## ACTIVITY
Repeat the listing exactly. Do not carry over any pictures.

------ SOURCE DATA

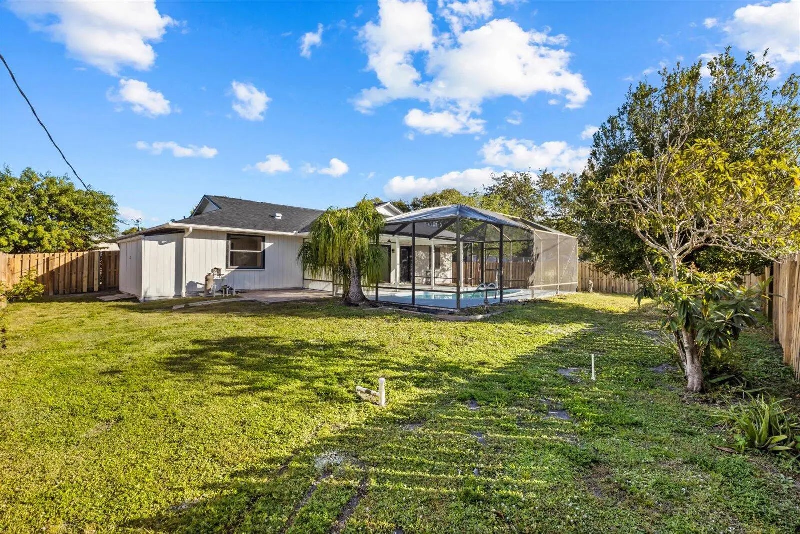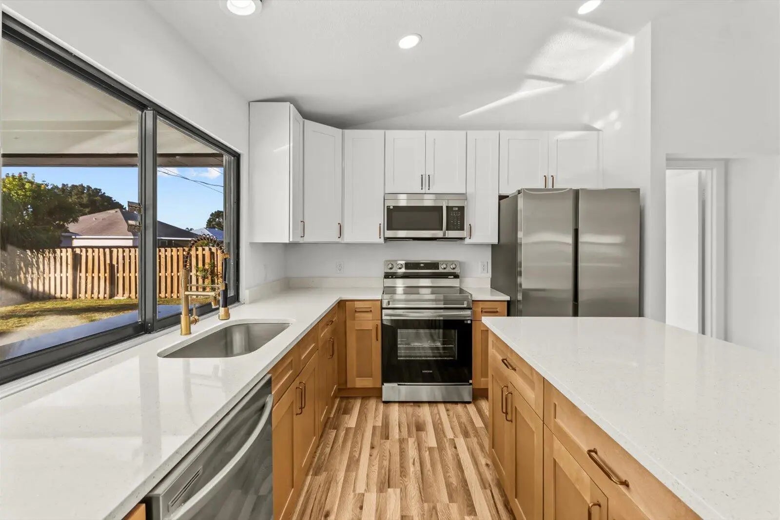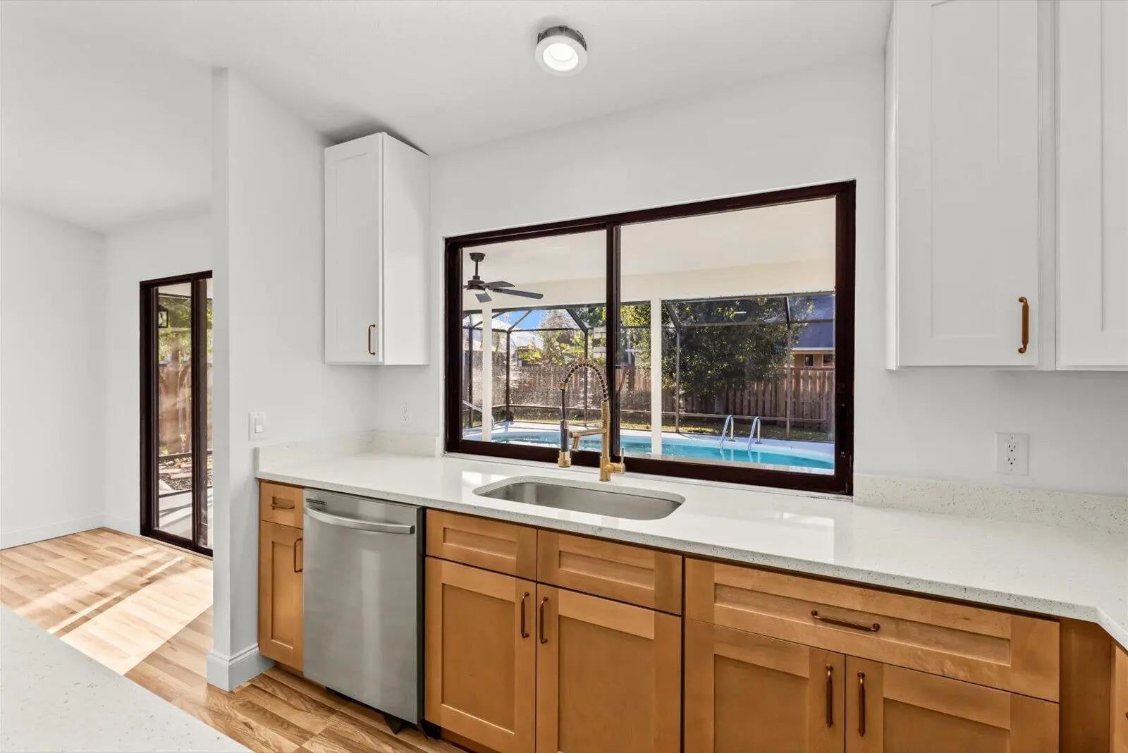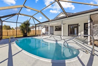 Showings must be scheduled with Showingtime. Exquisite 3-bedroom, 2-bathroom pool home, fully renovated in 2025. The gourmet kitchen boasts luminous Calacatta quartz countertops, bespoke soft-close shaker cabinetry, and premium high-end finishes, designed to inspire culinary excellence. Luxurious spa-inspired bathrooms feature sophisticated tile work, free standing tub, gorgeous vanities, and contemporary fixtures, elevating daily rituals to a serene escape. Impeccable waterproof laminate flooring, freshly painted interiors and exteriors, and brand-new, top-tier appliances blend style with functionality. No HOA restrictions. 2025 Roof, 2018 AC, 2025 Water heater. Pool refinished 2026
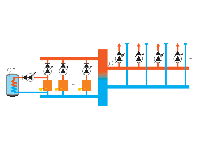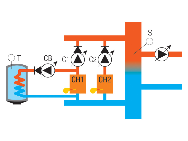 Bij installaties met groot vermogen of met verscheidene kringen, is het voordelig het verwarmingsvermogen te splitsen en aan te passen in functie van de werkelijke warmtebehoeften.
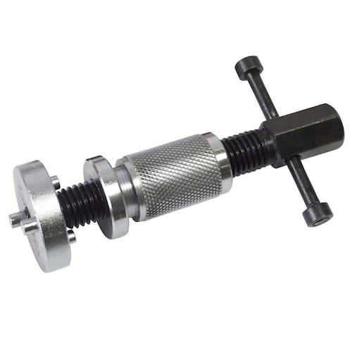 Características destacadas Feito de aço carbono sólido com acabamento antiferrugem. Perfeito para remover/instalar peças de encaixe por pressão, como juntas esféricas, juntas universais e pinos de ancoragem de freio de caminhão. Para uso em pinças de freio a disco instaladas em muitos carros europeus e japoneses com rosca à direita. Completo com placa de reação e acionamento reversível de pino de cabeça dupla de 3/8". Extremidade hexagonal de 19 mm para soquetes e chave. Veja menos
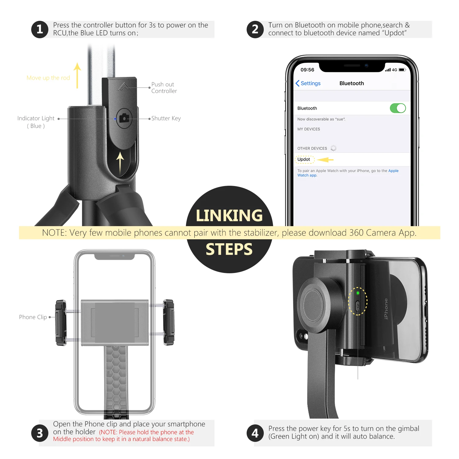 Примечание 1. Очень немногие беспроводные дистанционные устройства мобильного телефона не могут быть сопряжены со стабилизатором hanheld, загрузите приложение 360 Camera и следуйте инструкциям по использованию.

------------

## SOLUTION TO THIS TASK
 Showings must be scheduled with Showingtime. Exquisite 3-bedroom, 2-bathroom pool home, fully renovated in 2025. The gourmet kitchen boasts luminous Calacatta quartz countertops, bespoke soft-close shaker cabinetry, and premium high-end finishes, designed to inspire culinary excellence. Luxurious spa-inspired bathrooms feature sophisticated tile work, free standing tub, gorgeous vanities, and contemporary fixtures, elevating daily rituals to a serene escape. Impeccable waterproof laminate flooring, freshly painted interiors and exteriors, and brand-new, top-tier appliances blend style with functionality. No HOA restrictions. 2025 Roof, 2018 AC, 2025 Water heater. Pool refinished 2026
 Bij installaties met groot vermogen of met verscheidene kringen, is het voordelig het verwarmingsvermogen te splitsen en aan te passen in functie van de werkelijke warmtebehoeften.
 Características destacadas Feito de aço carbono sólido com acabamento antiferrugem. Perfeito para remover/instalar peças de encaixe por pressão, como juntas esféricas, juntas universais e pinos de ancoragem de freio de caminhão. Para uso em pinças de freio a disco instaladas em muitos carros europeus e japoneses com rosca à direita. Completo com placa de reação e acionamento reversível de pino de cabeça dupla de 3/8". Extremidade hexagonal de 19 mm para soquetes e chave. Veja menos
 Примечание 1. Очень немногие беспроводные дистанционные устройства мобильного телефона не могут быть сопряжены со стабилизатором hanheld, загрузите приложение 360 Camera и следуйте инструкциям по использованию.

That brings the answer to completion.